DATA PROVIDED:
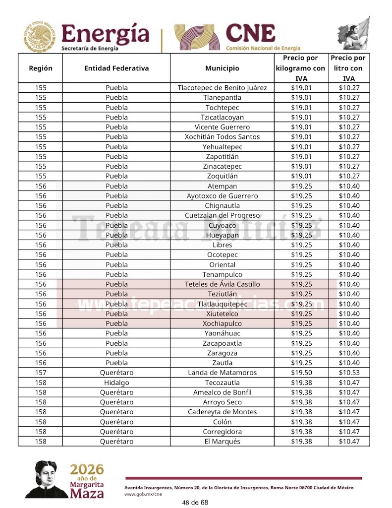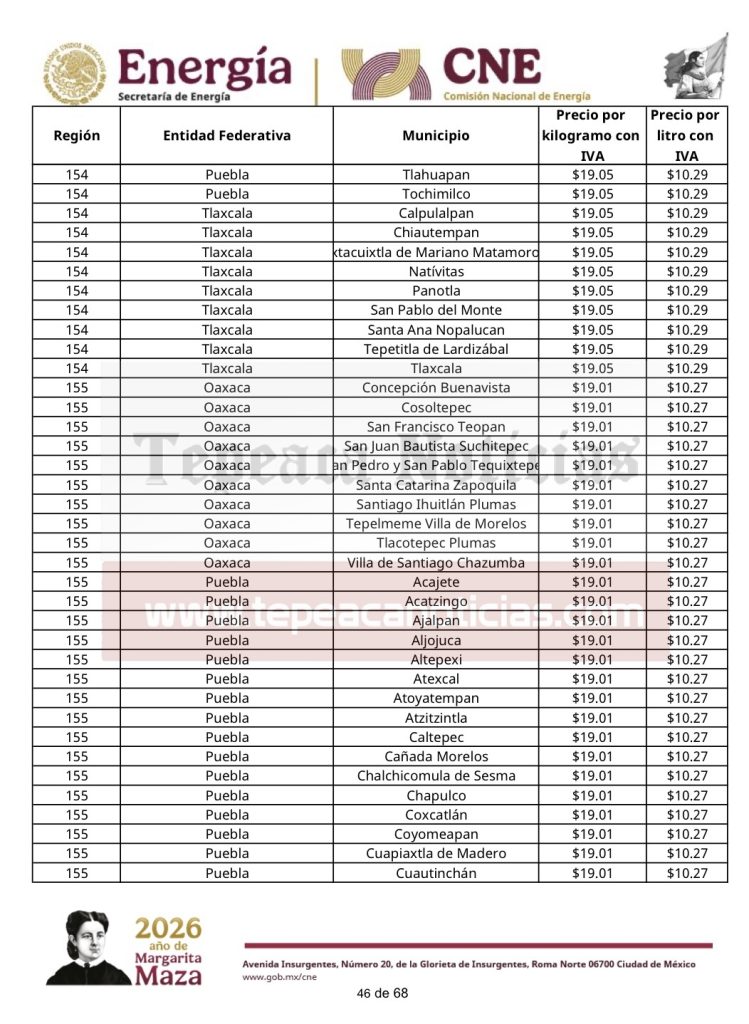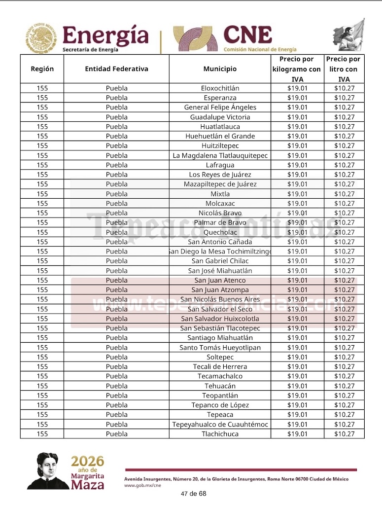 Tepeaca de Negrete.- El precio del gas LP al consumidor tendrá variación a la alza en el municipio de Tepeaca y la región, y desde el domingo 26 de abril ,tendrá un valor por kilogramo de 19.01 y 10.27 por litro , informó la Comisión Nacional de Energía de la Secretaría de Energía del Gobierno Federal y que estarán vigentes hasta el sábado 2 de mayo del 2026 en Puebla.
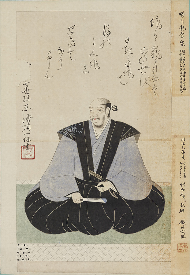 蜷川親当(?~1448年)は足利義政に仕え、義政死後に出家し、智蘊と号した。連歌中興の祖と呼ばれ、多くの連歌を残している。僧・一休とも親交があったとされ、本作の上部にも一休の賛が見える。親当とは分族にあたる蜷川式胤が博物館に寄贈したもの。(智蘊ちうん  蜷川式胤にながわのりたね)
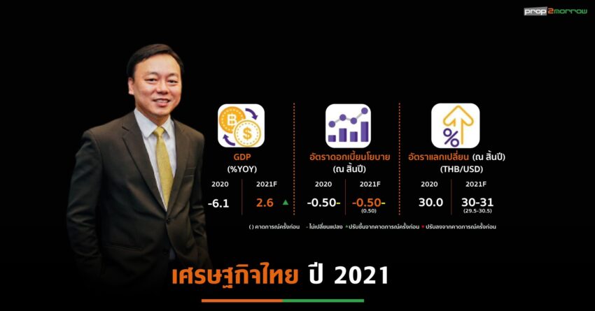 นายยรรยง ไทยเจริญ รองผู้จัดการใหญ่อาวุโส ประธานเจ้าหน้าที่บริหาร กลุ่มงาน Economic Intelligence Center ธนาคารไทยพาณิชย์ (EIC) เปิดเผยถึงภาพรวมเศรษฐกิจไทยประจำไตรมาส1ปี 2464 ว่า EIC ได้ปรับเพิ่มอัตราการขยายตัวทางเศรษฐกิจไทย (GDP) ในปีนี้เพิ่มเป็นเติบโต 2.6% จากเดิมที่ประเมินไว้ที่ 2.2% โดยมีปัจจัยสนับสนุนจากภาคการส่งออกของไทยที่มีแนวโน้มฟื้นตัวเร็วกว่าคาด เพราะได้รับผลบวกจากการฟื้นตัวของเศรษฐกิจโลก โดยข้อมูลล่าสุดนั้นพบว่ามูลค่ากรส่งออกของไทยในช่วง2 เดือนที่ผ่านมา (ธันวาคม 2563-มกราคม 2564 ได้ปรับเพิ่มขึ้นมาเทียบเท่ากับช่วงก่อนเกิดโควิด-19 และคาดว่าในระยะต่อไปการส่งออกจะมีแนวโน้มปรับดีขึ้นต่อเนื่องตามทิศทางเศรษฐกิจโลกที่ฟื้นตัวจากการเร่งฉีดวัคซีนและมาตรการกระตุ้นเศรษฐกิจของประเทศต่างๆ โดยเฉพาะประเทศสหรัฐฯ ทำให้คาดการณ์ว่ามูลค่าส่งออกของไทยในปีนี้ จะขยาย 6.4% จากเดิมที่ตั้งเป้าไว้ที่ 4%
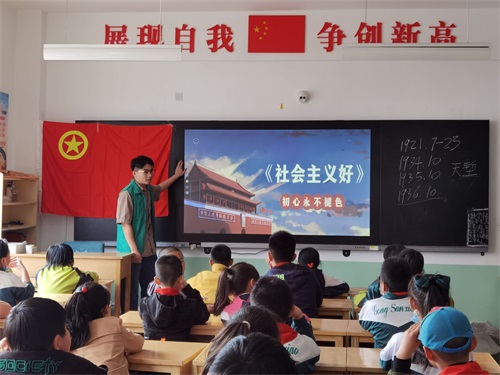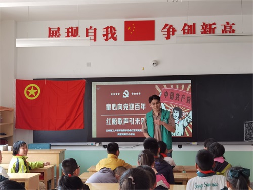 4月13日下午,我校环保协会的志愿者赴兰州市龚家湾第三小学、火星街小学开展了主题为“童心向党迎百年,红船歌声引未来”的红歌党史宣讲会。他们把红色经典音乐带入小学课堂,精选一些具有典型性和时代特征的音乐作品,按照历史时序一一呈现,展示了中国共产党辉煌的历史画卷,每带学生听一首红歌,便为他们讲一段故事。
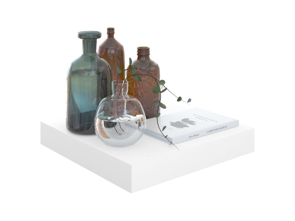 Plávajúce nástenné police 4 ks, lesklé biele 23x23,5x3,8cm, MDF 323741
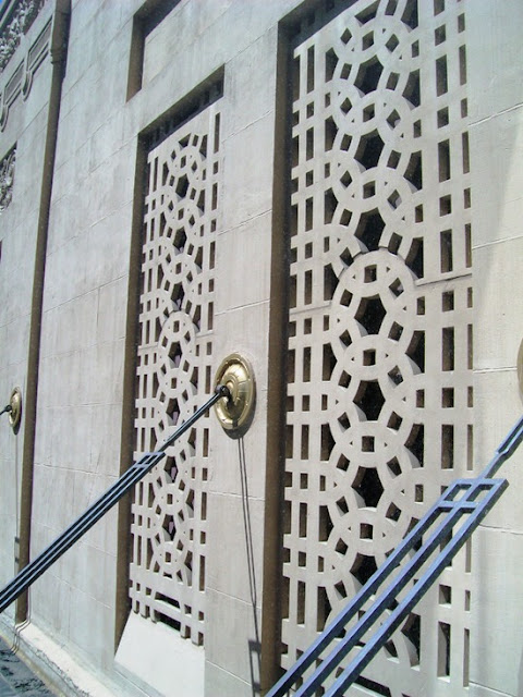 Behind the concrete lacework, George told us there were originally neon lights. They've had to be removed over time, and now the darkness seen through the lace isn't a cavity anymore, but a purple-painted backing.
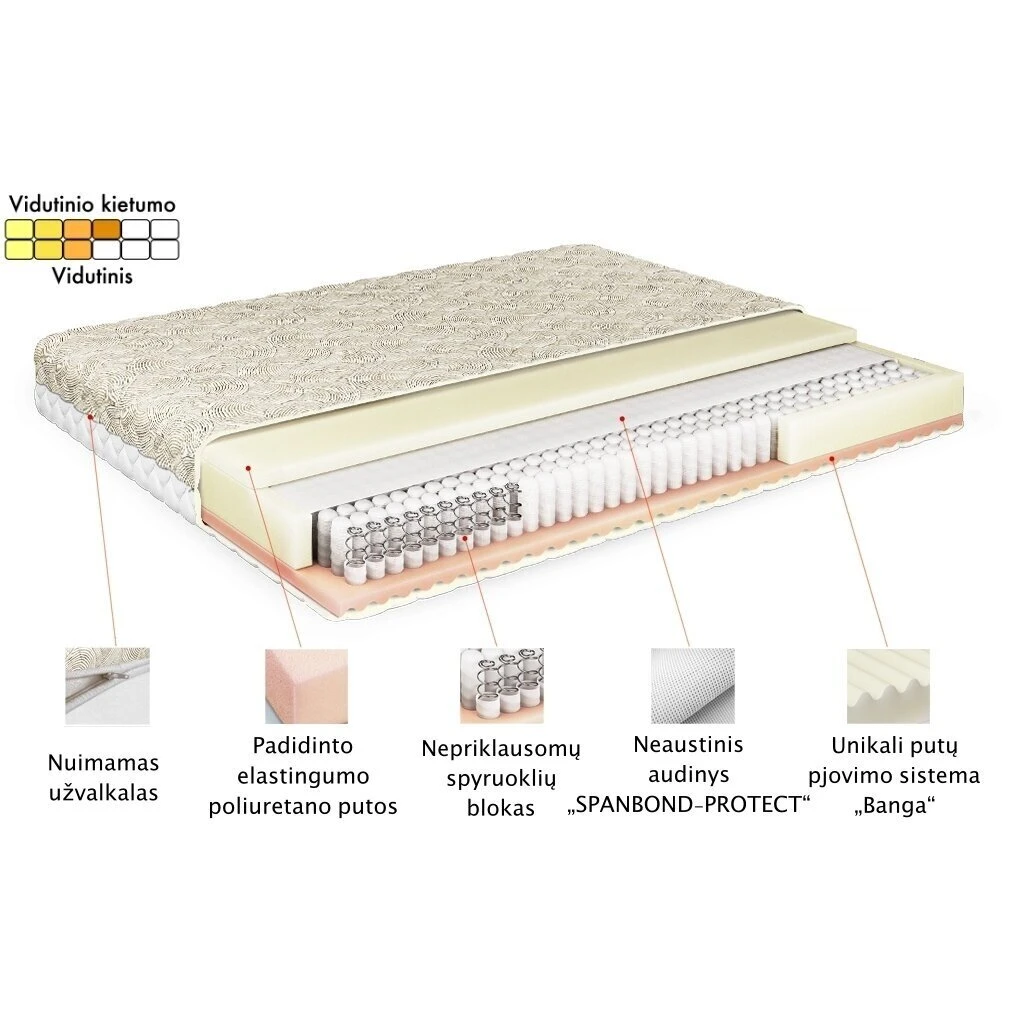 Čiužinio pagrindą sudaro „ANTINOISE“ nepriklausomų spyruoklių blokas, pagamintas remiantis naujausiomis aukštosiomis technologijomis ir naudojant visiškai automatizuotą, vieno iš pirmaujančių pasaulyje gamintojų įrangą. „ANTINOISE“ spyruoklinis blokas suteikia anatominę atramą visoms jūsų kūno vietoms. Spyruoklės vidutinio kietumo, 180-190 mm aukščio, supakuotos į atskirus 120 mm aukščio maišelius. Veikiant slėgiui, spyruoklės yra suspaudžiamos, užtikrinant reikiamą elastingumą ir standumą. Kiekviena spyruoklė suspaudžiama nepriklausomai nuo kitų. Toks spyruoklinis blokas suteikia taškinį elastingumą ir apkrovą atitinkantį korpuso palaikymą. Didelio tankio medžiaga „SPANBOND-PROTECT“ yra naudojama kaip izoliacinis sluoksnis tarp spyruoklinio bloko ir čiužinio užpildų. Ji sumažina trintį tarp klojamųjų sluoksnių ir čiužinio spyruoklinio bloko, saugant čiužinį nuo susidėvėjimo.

PROBLEM TO SOLVE:
Pictures do not belong in your copy; restate word for word the lines from the one containing "Behind the concrete" through the last line of the records above.

RESULT OF THE EXERCISE:
 Behind the concrete lacework, George told us there were originally neon lights. They've had to be removed over time, and now the darkness seen through the lace isn't a cavity anymore, but a purple-painted backing.
 Čiužinio pagrindą sudaro „ANTINOISE“ nepriklausomų spyruoklių blokas, pagamintas remiantis naujausiomis aukštosiomis technologijomis ir naudojant visiškai automatizuotą, vieno iš pirmaujančių pasaulyje gamintojų įrangą. „ANTINOISE“ spyruoklinis blokas suteikia anatominę atramą visoms jūsų kūno vietoms. Spyruoklės vidutinio kietumo, 180-190 mm aukščio, supakuotos į atskirus 120 mm aukščio maišelius. Veikiant slėgiui, spyruoklės yra suspaudžiamos, užtikrinant reikiamą elastingumą ir standumą. Kiekviena spyruoklė suspaudžiama nepriklausomai nuo kitų. Toks spyruoklinis blokas suteikia taškinį elastingumą ir apkrovą atitinkantį korpuso palaikymą. Didelio tankio medžiaga „SPANBOND-PROTECT“ yra naudojama kaip izoliacinis sluoksnis tarp spyruoklinio bloko ir čiužinio užpildų. Ji sumažina trintį tarp klojamųjų sluoksnių ir čiužinio spyruoklinio bloko, saugant čiužinį nuo susidėvėjimo.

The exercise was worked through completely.